We see just how rowdy their party can be through social media filters and hashtags that describe what will obviously be their final moments. But they will regret their last day in Mexico when Olivia is convinced by a “white knight,” Carter (Landon Liboiron), to take her friends to an abandoned mission in the coastal outskirts of Mexico. Carter suggests keeping the party going by playing a simple game of Truth or Dare, and the group entertains the idea by playing the game in its most childish form. However, Carter reveals that there is more to this game, and the reason why he brought the group here is that the game is cursed and the only way he can stay alive is to bring new players in.

Not convinced, Olivia and her friends go back home slightly disappointed that they could not end their vacation on a happy note. But soon, strange things start to happen. They start to see Truth or Dare on party invites, written on desks, on graffiti, and through people with faces that look like a “freaky snapchat filter.” But it becomes all too real when Olivia’s friends start to die. One by one, they start to realize that if they do not play the game, they die.

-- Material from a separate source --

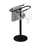 KWQKEM ハンドタオルホルダータオルハンガー スタンド ステンレス製ブラック 腕時計.ジュエリーラック アクセサリー収納 卓上タオルバーラッ

So Truth or Dare is just a bad horror film where idiots are doing idiot things because they are idiots – thanks, Archer. The film tries to have audiences care for Olivia, Markie, and Lucas by giving them sympathetic arcs. But their dialogue is not nearly juicy enough for us to care, and because it feels a lot like something that comes straight from a teenage soap opera show on basic cable, the scares are flat and we aren’t phased about some of the character deaths. And a large part of those deaths come from characters you do not care about. In fact, you might find yourself asking, why they didn’t die any sooner. The only one with any real depth and an arc is Brad, who is forced to come out to his father. In fact, there is a genuinely good moment between the two which I wish the film had more of.

While one would think it would be easier for these players to keep choosing Truth to stay alive, the script from director Jeff Wadlow and co-writers Jillian Jacobs, Michael Reisz, and Christopher Roach throws just enough curveballs to keep the game going so that its players don’t keep choosing Truth. However, its execution is what will have you rolling your eyes. Sure the Dares can provide scares, very weak ones at that, but we learn a lot about these characters when the game forces them to reveal dark secrets. Secrets that supposedly would kill another person if they ever knew about it. It’s just another attempt to keep the film going when it knows it should already stop.

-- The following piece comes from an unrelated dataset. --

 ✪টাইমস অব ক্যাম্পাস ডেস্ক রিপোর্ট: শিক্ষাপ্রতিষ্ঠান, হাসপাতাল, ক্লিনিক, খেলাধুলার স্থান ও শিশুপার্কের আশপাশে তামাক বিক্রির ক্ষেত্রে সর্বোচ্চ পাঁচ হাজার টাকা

This is what makes the film’s tone all over the place. It cannot decide if it wants to be a horror or if it wants to be a teenage drama. Though, judging by the execution, it’s more of the latter. That’s why the scares do not work. It’s all prefaced by an insurmountable amount of teenage drama. There is a love triangle between Olivia, Markie, and Tyson that tries to force them to make the difficult choice between truth or dare. Whichever one they choose will likely hurt them physically or emotionally. The scares are cheap at best. Don’t let those freaky faces or calculated scare music fool you. It just does not work.

So much of this is a practice in making good decisions and being a good judge of character. Even if you were to throw that out the window and suspend disbelief, a large amount of the film is just coincidental. It tries so hard to be a conventional Blumhouse horror film game by turning a simple premise into a film with a low production budget. Sure the game can “scare you” when it appears at the player’s most vulnerable moments. And the drama between Olivia and Markie, with Brad’s limited but very sympathetic arc, is enough to keep you engaged. But it’s not enough to keep this game going. But it sure as hell is more than enough to make you want the game to end.